In 15 years, I hope Boston will…continue to be a city where great ideas and solutions to our world’s complex problems are debated and solved. The resources located here are staggering. The region boasts some of the world’s finest educational and financial institutions, the best hospitals, medical research facilities, and technology companies. Let’s harness the best and brightest and challenge ourselves to bring creative solutions to end poverty, create affordable housing, make education the highest of goals for our community and the country, and work to ease racial and socioeconomic tensions by creating job opportunities and equality for all.

To help ease the housing crisis, I’m…very interested in becoming more engaged with the design of modular construction techniques that could reduce the overall cost of construction. Prefabrication has been used in other parts of the country and throughout the world to speed construction much like an automobile assembly line. So far, this technique has not been used effectively to build housing within this urban area in a way that could minimize the length of construction or the high cost of onsite labor. If residential apartment units could be built in an offsite facility, completely finished on the inside, then trucked to an urban location, they’d be hoisted into place in a way that creates both the supporting structure and finished exterior of the building. I believe this could revolutionize our housing development potential while hopefully reducing the very high cost of new residences in Boston.

Honestly, I hate it when…I hear that a building in Boston is considered too tall. Height is only one measure of a building. Far more important is how that building is designed to connect with its neighbors, how it touches the street level, and how people will feel walking alongside of it. Too much emphasis is often placed on height which frankly disappears from the dialog when a building is complete. We often forget that our eyesight does not allow us to see much above four or five stories as we walk along the street, it is this feeling of intimacy with the lowest levels of a structure that resonates and ultimately determines if you like a building or not. A well-designed tall building should engage itself with the street while being a good neighbor regardless of surrounding building heights.

Boston’s architecture is…often beautiful but conservative. While the city has many fine examples of architecture ranging from its earliest history to the present day, I would like to see Boston’s future architecture be bolder and take more risks with respect to building form and materials used. Our architecture should promote sustainable design where buildings generate their own energy. In other words, Boston’s architecture and architects should lead rather than follow. We are so reliant here on city and community design reviews, which often lead to a design consensus, rather than design boldness. It is therefore understandable why so many buildings end up with designs that are perfectly acceptable, they don’t offend nor push architectural boundaries. We need a mixture of both, a healthy review process that encourages new ideas, technologies and form and the desire to be bold in our place-making.
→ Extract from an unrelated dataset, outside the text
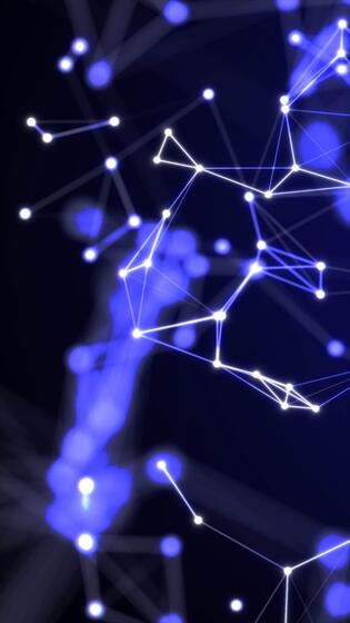 Abstract neural network pattern with glowing blue nodes and connecting lines on a dark background Pro Video
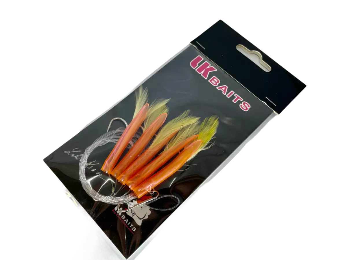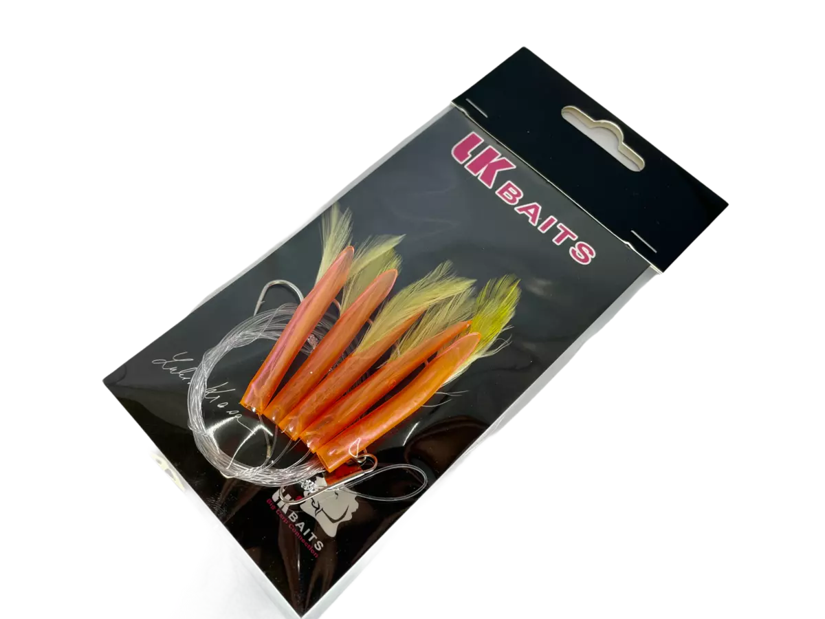Hotový návazec určený především pro lov makrel, tresek a jiných druhů mořských ryb. Stačí připnout olovo, navázat na kmenový vlasec a jste připraveni k rybaření na moři. 5 ks nástrah s barevným peřím na návazci.

This city has the talent and is one of the world’s most desired places to live and work, let’s make it the most architecturally interesting and beautiful, too.

I see One Dalton as…the most elegant architectural gesture for Boston. Its unique triangular shape accentuated by its soft curving geometry establishes a lyrical gesture that sets this tower apart from any other on the ground or skyline alike. The precision of the 61-story glass façade and the incised “bay windows” of the residential portion of the tower gives way at the street levels where it is sheathed with local granite at its lower four floors. This transition is very important as it establishes the building’s presence within its local neighborhood context by visually reducing its scale while making it feel appropriate and approachable to pedestrians. The character of One Dalton on the skyline of Boston is dramatic, the Hancock and the Prudential now have a new sentinel, one that is looking forward to a great future for the city.